_Your instructions_. Both ends included, set down the lines from the line containing "SQL Server could" through the last line of the records below, without pictures.

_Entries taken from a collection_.
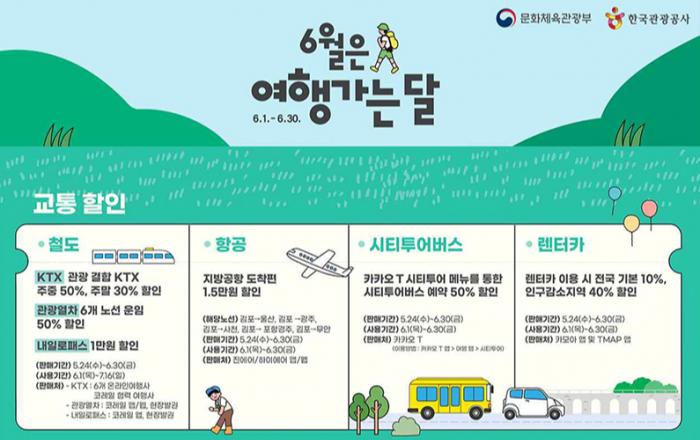 문화체육관광부는 한국관광공사와 함께 6월 한달 간 ‘2023년 여행가는 달’을 추진한다고 17일 밝혔다. 올해 ‘여행가는 달’의 주제는 ‘대한민국은 절찬 여행 중’이다. 대한민국 구석구석 여행으로 나만의 여행 버킷리스트를 완성하고 영화처럼 멋진 여행의
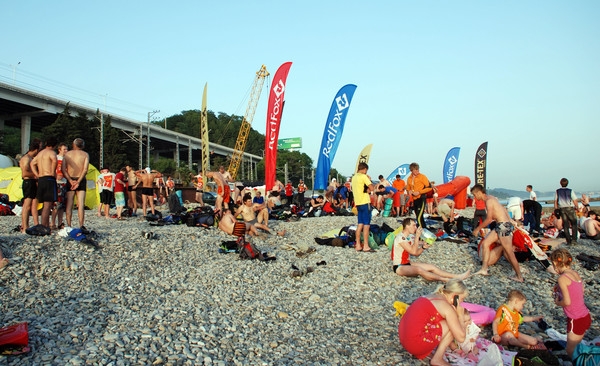 Если первая команда пришла к финишу в 15-30, вторая только через полтора-два часа, а последняя успела только к заходу солнца, то как иначе? Это издержки профессии. Народ купался, общался, пил пиво, приезжим журналистам было предложено на пару часов съездить в Сочи погулять (но никто не поехал).
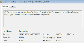 SQL Server could not spawn FRunCM thread. Check the SQL Server error log and the Windows event logs for information about possible related problems.
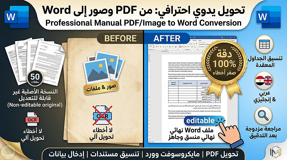 تحويل يدوي لـ 50 صورة وملفات PDF إلى Word (تنسيق مطابق ودقة 100%)
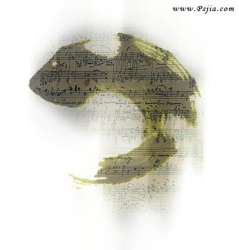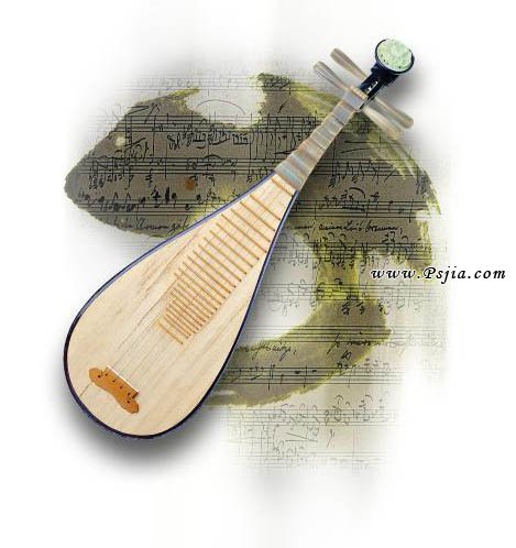 6、按CTRL+F三次,降低其透明度为65%,将有些多余的部分把它擦去,如图。 7、把乐谱放进去,柔光,也是将多余的部分擦去。 8、把琵琶勾出,放进文件里
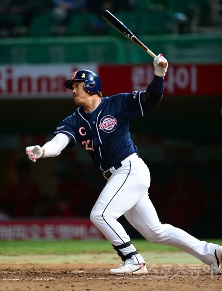 16일 잠실 NC전에서도 김현수가 2안타(1홈런) 4타점으로 팀을 승리로 이끌었다. 리그 최고의 사이드암투수 NC 이재학을 상대로 1회부터 타점을 올리며 경기의 흐름을 끌고 가더니, 4-2로 앞선 2회 1사 2루서도 1타점짜리 우전 적시타를 때려냈다. 5-3으로 추격당한 7회 무사 1루서 손정욱을 상대로 승부에 쐐기를 박는 2점 홈런을 쏘아 올렸다. 시즌 7호. 칸투도 바뀐 투수 임창민을 공략해 백투백홈런(시즌 11호)을 쳐냈고, 홍성흔은 멀티히트로 찬스를 계속 만들어갔다.

_Answer section_.
 SQL Server could not spawn FRunCM thread. Check the SQL Server error log and the Windows event logs for information about possible related problems.
 تحويل يدوي لـ 50 صورة وملفات PDF إلى Word (تنسيق مطابق ودقة 100%)
 6、按CTRL+F三次,降低其透明度为65%,将有些多余的部分把它擦去,如图。 7、把乐谱放进去,柔光,也是将多余的部分擦去。 8、把琵琶勾出,放进文件里
 16일 잠실 NC전에서도 김현수가 2안타(1홈런) 4타점으로 팀을 승리로 이끌었다. 리그 최고의 사이드암투수 NC 이재학을 상대로 1회부터 타점을 올리며 경기의 흐름을 끌고 가더니, 4-2로 앞선 2회 1사 2루서도 1타점짜리 우전 적시타를 때려냈다. 5-3으로 추격당한 7회 무사 1루서 손정욱을 상대로 승부에 쐐기를 박는 2점 홈런을 쏘아 올렸다. 시즌 7호. 칸투도 바뀐 투수 임창민을 공략해 백투백홈런(시즌 11호)을 쳐냈고, 홍성흔은 멀티히트로 찬스를 계속 만들어갔다.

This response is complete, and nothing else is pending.